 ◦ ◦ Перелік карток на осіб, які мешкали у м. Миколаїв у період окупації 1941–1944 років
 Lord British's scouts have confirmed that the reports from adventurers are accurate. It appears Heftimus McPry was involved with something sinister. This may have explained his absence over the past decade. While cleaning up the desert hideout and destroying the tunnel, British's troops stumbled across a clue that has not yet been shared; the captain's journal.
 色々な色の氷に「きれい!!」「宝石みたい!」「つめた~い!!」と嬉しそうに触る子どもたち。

_ _ _ _

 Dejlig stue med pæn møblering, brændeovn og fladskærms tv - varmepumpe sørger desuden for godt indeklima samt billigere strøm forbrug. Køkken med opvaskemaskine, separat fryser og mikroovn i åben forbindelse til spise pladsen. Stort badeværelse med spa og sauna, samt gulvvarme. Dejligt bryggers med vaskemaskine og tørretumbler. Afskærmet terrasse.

_ _ _ _

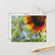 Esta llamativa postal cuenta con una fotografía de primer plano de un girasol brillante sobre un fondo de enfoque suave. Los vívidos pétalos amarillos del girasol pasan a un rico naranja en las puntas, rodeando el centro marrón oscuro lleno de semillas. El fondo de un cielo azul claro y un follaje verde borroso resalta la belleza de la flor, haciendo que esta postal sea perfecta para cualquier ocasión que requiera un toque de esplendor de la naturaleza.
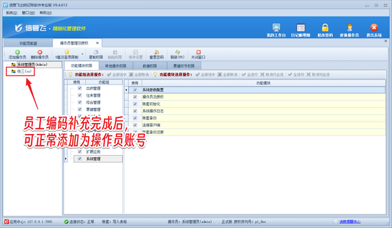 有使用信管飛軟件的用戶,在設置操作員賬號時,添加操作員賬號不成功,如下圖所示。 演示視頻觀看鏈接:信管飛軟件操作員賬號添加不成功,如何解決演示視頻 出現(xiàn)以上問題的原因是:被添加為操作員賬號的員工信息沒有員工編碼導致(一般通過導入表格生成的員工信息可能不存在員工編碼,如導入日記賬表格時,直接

_ _ _ _

#### WHAT THE TASK REQUIRES:
In the listing above, transcribe exactly everything from the line containing "Lord British's scouts" down to the line containing "色々な色の氷に「きれい!!」", including both and nothing more.

#### ANSWER TO THE PROBLEM:
 Lord British's scouts have confirmed that the reports from adventurers are accurate. It appears Heftimus McPry was involved with something sinister. This may have explained his absence over the past decade. While cleaning up the desert hideout and destroying the tunnel, British's troops stumbled across a clue that has not yet been shared; the captain's journal.
 色々な色の氷に「きれい!!」「宝石みたい!」「つめた~い!!」と嬉しそうに触る子どもたち。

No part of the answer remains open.